EXERCISE DIRECTIONS:
The records below need retyping in full; give them again exactly.

== RECORD EXCERPTS ==

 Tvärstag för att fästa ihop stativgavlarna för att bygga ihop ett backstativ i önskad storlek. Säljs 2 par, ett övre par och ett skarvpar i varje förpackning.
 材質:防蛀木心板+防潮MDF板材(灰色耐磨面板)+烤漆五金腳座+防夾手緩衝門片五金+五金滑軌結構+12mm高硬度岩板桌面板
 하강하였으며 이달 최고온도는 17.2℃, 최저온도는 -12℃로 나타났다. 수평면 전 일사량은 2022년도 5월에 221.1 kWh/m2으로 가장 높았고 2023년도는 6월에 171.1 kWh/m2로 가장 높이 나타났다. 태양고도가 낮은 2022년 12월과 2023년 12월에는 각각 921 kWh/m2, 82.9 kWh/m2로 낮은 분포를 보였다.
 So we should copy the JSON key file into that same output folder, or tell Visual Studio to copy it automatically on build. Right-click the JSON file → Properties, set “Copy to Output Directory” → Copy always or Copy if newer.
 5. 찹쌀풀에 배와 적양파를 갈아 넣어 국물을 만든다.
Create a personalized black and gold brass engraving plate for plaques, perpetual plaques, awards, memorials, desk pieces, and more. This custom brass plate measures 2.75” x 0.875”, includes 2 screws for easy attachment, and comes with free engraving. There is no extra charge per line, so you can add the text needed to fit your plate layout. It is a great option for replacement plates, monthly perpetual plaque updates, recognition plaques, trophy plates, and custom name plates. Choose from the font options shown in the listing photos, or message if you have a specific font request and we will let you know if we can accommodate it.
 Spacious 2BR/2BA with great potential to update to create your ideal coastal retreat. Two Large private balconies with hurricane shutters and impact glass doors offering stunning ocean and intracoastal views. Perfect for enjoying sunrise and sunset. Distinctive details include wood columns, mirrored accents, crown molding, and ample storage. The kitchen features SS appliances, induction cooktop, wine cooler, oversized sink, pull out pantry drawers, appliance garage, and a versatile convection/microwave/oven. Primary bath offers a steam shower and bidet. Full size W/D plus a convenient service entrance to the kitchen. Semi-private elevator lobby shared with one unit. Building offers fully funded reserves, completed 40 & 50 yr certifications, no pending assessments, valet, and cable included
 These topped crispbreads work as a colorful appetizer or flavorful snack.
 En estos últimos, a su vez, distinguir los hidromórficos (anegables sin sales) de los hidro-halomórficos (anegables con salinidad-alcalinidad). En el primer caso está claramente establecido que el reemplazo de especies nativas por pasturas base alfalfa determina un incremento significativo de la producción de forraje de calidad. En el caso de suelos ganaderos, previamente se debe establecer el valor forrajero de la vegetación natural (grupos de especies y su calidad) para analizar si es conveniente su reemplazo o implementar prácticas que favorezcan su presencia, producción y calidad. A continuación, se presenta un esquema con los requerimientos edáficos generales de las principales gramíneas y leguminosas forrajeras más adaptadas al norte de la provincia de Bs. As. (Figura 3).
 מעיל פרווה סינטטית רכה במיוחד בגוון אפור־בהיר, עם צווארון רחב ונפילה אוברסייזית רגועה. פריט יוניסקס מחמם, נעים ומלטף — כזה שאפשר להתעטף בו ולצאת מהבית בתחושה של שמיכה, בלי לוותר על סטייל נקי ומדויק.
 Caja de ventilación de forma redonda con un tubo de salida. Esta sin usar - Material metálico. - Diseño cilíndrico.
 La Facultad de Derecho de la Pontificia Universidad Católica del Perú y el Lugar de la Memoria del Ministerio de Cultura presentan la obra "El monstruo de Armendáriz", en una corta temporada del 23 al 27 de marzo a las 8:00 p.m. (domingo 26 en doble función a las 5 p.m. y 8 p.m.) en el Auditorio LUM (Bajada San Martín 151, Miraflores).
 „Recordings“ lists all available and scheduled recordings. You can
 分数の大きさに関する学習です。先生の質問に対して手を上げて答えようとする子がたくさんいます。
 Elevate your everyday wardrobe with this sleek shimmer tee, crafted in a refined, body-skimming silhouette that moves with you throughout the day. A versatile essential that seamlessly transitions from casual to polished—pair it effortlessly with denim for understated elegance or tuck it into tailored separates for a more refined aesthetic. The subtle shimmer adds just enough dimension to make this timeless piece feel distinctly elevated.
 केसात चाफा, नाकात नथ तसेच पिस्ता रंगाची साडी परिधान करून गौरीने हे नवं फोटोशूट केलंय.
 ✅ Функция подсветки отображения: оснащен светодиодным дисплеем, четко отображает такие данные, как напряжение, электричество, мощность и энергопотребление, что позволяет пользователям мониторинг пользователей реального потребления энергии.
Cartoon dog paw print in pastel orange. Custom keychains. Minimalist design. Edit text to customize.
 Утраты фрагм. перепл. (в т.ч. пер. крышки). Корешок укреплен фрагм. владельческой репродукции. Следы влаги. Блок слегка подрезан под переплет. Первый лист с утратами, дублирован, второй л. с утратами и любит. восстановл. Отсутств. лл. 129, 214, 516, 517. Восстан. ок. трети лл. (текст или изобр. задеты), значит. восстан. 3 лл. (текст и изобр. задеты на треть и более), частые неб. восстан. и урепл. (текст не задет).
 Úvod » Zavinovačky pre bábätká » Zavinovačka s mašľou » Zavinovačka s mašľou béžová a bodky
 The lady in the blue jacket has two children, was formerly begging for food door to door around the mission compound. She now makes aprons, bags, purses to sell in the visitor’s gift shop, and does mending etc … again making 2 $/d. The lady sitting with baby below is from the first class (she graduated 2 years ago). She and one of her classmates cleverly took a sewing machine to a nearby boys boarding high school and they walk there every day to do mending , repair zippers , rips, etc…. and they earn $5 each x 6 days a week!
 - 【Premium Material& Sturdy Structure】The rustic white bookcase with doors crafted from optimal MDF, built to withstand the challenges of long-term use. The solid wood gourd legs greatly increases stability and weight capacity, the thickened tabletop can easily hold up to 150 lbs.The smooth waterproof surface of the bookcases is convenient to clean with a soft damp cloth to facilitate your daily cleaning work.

===

WORKED SOLUTION:
 Tvärstag för att fästa ihop stativgavlarna för att bygga ihop ett backstativ i önskad storlek. Säljs 2 par, ett övre par och ett skarvpar i varje förpackning.
 材質:防蛀木心板+防潮MDF板材(灰色耐磨面板)+烤漆五金腳座+防夾手緩衝門片五金+五金滑軌結構+12mm高硬度岩板桌面板
 하강하였으며 이달 최고온도는 17.2℃, 최저온도는 -12℃로 나타났다. 수평면 전 일사량은 2022년도 5월에 221.1 kWh/m2으로 가장 높았고 2023년도는 6월에 171.1 kWh/m2로 가장 높이 나타났다. 태양고도가 낮은 2022년 12월과 2023년 12월에는 각각 921 kWh/m2, 82.9 kWh/m2로 낮은 분포를 보였다.
 So we should copy the JSON key file into that same output folder, or tell Visual Studio to copy it automatically on build. Right-click the JSON file → Properties, set “Copy to Output Directory” → Copy always or Copy if newer.
 5. 찹쌀풀에 배와 적양파를 갈아 넣어 국물을 만든다.
Create a personalized black and gold brass engraving plate for plaques, perpetual plaques, awards, memorials, desk pieces, and more. This custom brass plate measures 2.75” x 0.875”, includes 2 screws for easy attachment, and comes with free engraving. There is no extra charge per line, so you can add the text needed to fit your plate layout. It is a great option for replacement plates, monthly perpetual plaque updates, recognition plaques, trophy plates, and custom name plates. Choose from the font options shown in the listing photos, or message if you have a specific font request and we will let you know if we can accommodate it.
 Spacious 2BR/2BA with great potential to update to create your ideal coastal retreat. Two Large private balconies with hurricane shutters and impact glass doors offering stunning ocean and intracoastal views. Perfect for enjoying sunrise and sunset. Distinctive details include wood columns, mirrored accents, crown molding, and ample storage. The kitchen features SS appliances, induction cooktop, wine cooler, oversized sink, pull out pantry drawers, appliance garage, and a versatile convection/microwave/oven. Primary bath offers a steam shower and bidet. Full size W/D plus a convenient service entrance to the kitchen. Semi-private elevator lobby shared with one unit. Building offers fully funded reserves, completed 40 & 50 yr certifications, no pending assessments, valet, and cable included
 These topped crispbreads work as a colorful appetizer or flavorful snack.
 En estos últimos, a su vez, distinguir los hidromórficos (anegables sin sales) de los hidro-halomórficos (anegables con salinidad-alcalinidad). En el primer caso está claramente establecido que el reemplazo de especies nativas por pasturas base alfalfa determina un incremento significativo de la producción de forraje de calidad. En el caso de suelos ganaderos, previamente se debe establecer el valor forrajero de la vegetación natural (grupos de especies y su calidad) para analizar si es conveniente su reemplazo o implementar prácticas que favorezcan su presencia, producción y calidad. A continuación, se presenta un esquema con los requerimientos edáficos generales de las principales gramíneas y leguminosas forrajeras más adaptadas al norte de la provincia de Bs. As. (Figura 3).
 מעיל פרווה סינטטית רכה במיוחד בגוון אפור־בהיר, עם צווארון רחב ונפילה אוברסייזית רגועה. פריט יוניסקס מחמם, נעים ומלטף — כזה שאפשר להתעטף בו ולצאת מהבית בתחושה של שמיכה, בלי לוותר על סטייל נקי ומדויק.
 Caja de ventilación de forma redonda con un tubo de salida. Esta sin usar - Material metálico. - Diseño cilíndrico.
 La Facultad de Derecho de la Pontificia Universidad Católica del Perú y el Lugar de la Memoria del Ministerio de Cultura presentan la obra "El monstruo de Armendáriz", en una corta temporada del 23 al 27 de marzo a las 8:00 p.m. (domingo 26 en doble función a las 5 p.m. y 8 p.m.) en el Auditorio LUM (Bajada San Martín 151, Miraflores).
 „Recordings“ lists all available and scheduled recordings. You can
 分数の大きさに関する学習です。先生の質問に対して手を上げて答えようとする子がたくさんいます。
 Elevate your everyday wardrobe with this sleek shimmer tee, crafted in a refined, body-skimming silhouette that moves with you throughout the day. A versatile essential that seamlessly transitions from casual to polished—pair it effortlessly with denim for understated elegance or tuck it into tailored separates for a more refined aesthetic. The subtle shimmer adds just enough dimension to make this timeless piece feel distinctly elevated.
 केसात चाफा, नाकात नथ तसेच पिस्ता रंगाची साडी परिधान करून गौरीने हे नवं फोटोशूट केलंय.
 ✅ Функция подсветки отображения: оснащен светодиодным дисплеем, четко отображает такие данные, как напряжение, электричество, мощность и энергопотребление, что позволяет пользователям мониторинг пользователей реального потребления энергии.
Cartoon dog paw print in pastel orange. Custom keychains. Minimalist design. Edit text to customize.
 Утраты фрагм. перепл. (в т.ч. пер. крышки). Корешок укреплен фрагм. владельческой репродукции. Следы влаги. Блок слегка подрезан под переплет. Первый лист с утратами, дублирован, второй л. с утратами и любит. восстановл. Отсутств. лл. 129, 214, 516, 517. Восстан. ок. трети лл. (текст или изобр. задеты), значит. восстан. 3 лл. (текст и изобр. задеты на треть и более), частые неб. восстан. и урепл. (текст не задет).
 Úvod » Zavinovačky pre bábätká » Zavinovačka s mašľou » Zavinovačka s mašľou béžová a bodky
 The lady in the blue jacket has two children, was formerly begging for food door to door around the mission compound. She now makes aprons, bags, purses to sell in the visitor’s gift shop, and does mending etc … again making 2 $/d. The lady sitting with baby below is from the first class (she graduated 2 years ago). She and one of her classmates cleverly took a sewing machine to a nearby boys boarding high school and they walk there every day to do mending , repair zippers , rips, etc…. and they earn $5 each x 6 days a week!
 - 【Premium Material& Sturdy Structure】The rustic white bookcase with doors crafted from optimal MDF, built to withstand the challenges of long-term use. The solid wood gourd legs greatly increases stability and weight capacity, the thickened tabletop can easily hold up to 150 lbs.The smooth waterproof surface of the bookcases is convenient to clean with a soft damp cloth to facilitate your daily cleaning work.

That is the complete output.